Collected data:

------

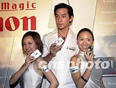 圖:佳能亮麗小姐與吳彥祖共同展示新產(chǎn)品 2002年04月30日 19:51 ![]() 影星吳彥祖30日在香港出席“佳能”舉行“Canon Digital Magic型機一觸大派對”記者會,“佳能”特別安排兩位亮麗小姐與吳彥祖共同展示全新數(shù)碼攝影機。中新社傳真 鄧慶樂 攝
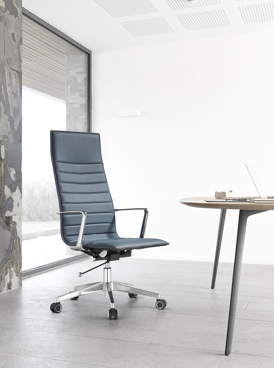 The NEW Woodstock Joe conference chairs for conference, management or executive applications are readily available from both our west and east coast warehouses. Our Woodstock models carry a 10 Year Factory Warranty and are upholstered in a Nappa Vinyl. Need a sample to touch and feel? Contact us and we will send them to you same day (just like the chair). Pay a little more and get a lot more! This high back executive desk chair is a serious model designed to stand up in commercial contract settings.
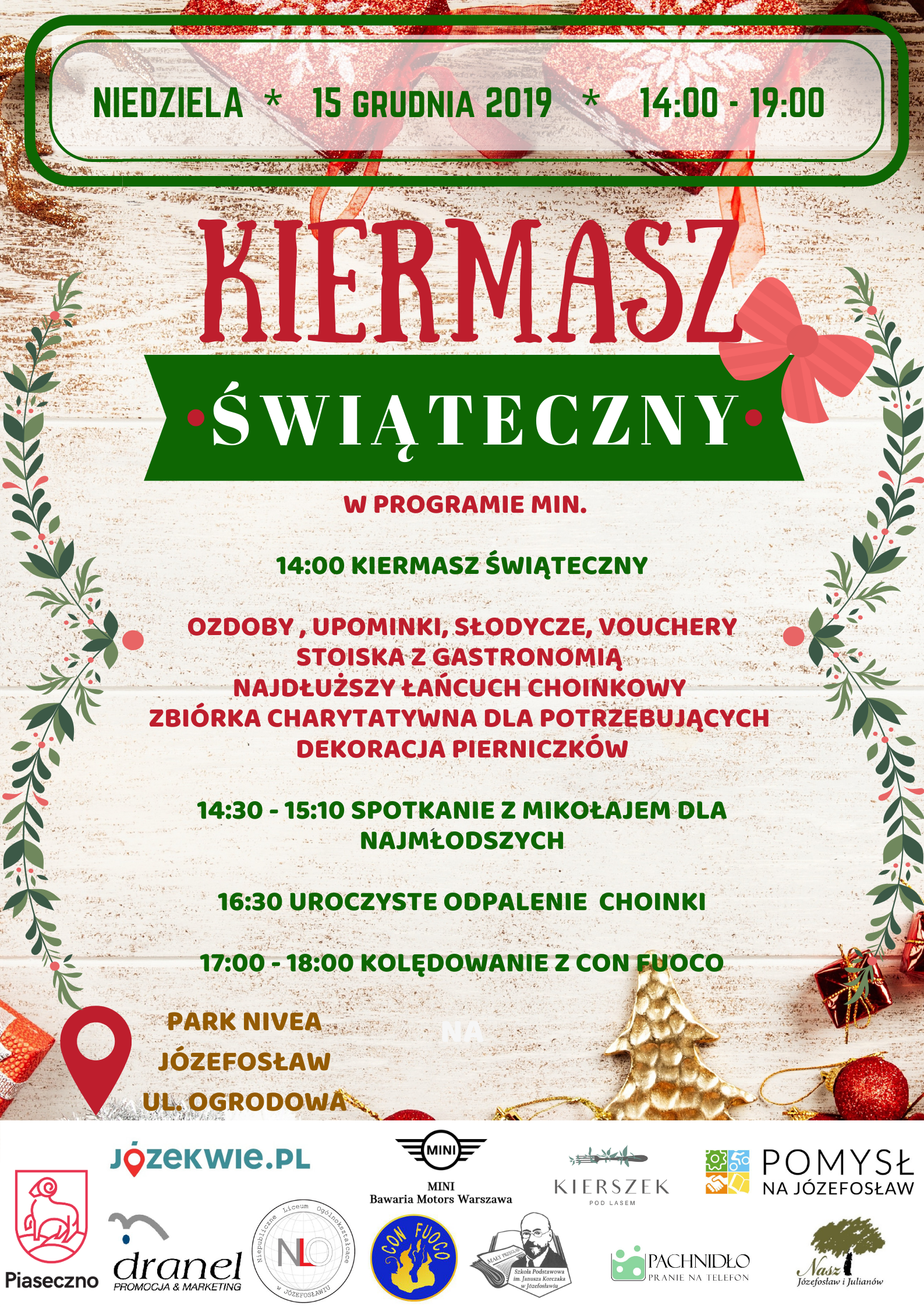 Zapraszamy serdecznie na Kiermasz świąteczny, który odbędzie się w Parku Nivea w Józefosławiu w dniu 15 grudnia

------

What to work on:
Write out exactly, and only, the lines from the line holding "The NEW Woodstock" through the end of the data, inclusive, without any pictures.

Response to this task:
 The NEW Woodstock Joe conference chairs for conference, management or executive applications are readily available from both our west and east coast warehouses. Our Woodstock models carry a 10 Year Factory Warranty and are upholstered in a Nappa Vinyl. Need a sample to touch and feel? Contact us and we will send them to you same day (just like the chair). Pay a little more and get a lot more! This high back executive desk chair is a serious model designed to stand up in commercial contract settings.
 Zapraszamy serdecznie na Kiermasz świąteczny, który odbędzie się w Parku Nivea w Józefosławiu w dniu 15 grudnia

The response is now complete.